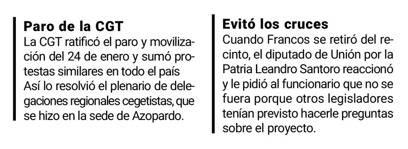 Se mantuvieron algunos reclamos, como el que hizo el presidente del bloque de Unión por la Patria, Germán Martínez, quien fue el primer orador de la jornada, y al igual que el martes señaló que “seguimos sin encontrar en la grilla los nombres de Luis Caputo, Federico Sturzenegger y el jefe de Gabinete Posse que son los máximos responsables de esta ley”.
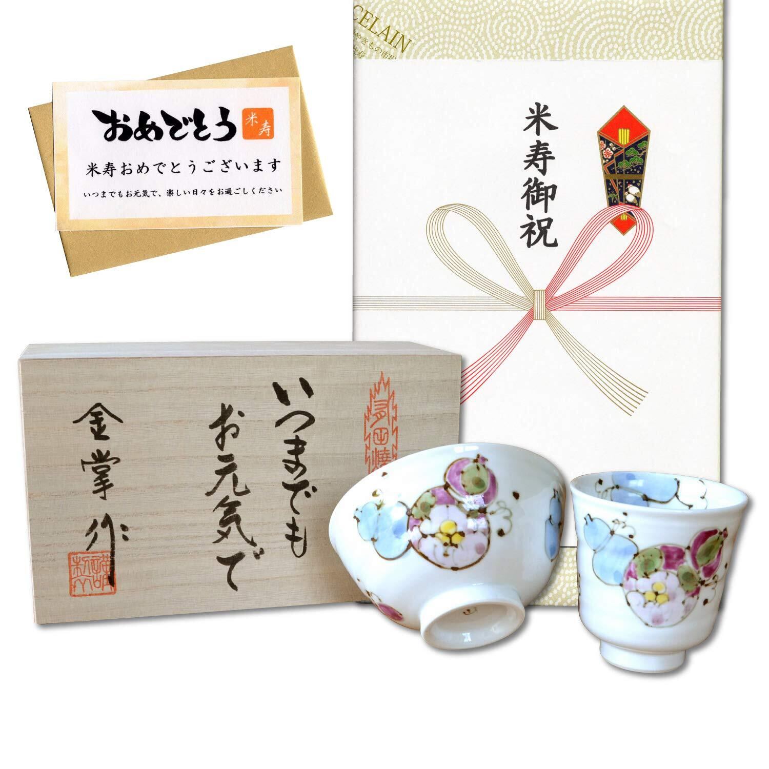 【特価セール】米寿祝い 無病息災を願った縁起物ギフト 有田焼 湯呑み 茶碗 飯碗 セット のし・メッセージカード付き 木箱入り 花六瓢 青
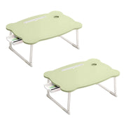 2X Green Portable Bed Table 60x48x28cm Metal Frame Foldable Drawer Cup Holder

| PROBLEM DETAILS |
The result should be the material above, unchanged and free of pictures; please print it.

| WORKED SOLUTION |
 Se mantuvieron algunos reclamos, como el que hizo el presidente del bloque de Unión por la Patria, Germán Martínez, quien fue el primer orador de la jornada, y al igual que el martes señaló que “seguimos sin encontrar en la grilla los nombres de Luis Caputo, Federico Sturzenegger y el jefe de Gabinete Posse que son los máximos responsables de esta ley”.
 【特価セール】米寿祝い 無病息災を願った縁起物ギフト 有田焼 湯呑み 茶碗 飯碗 セット のし・メッセージカード付き 木箱入り 花六瓢 青
 2X Green Portable Bed Table 60x48x28cm Metal Frame Foldable Drawer Cup Holder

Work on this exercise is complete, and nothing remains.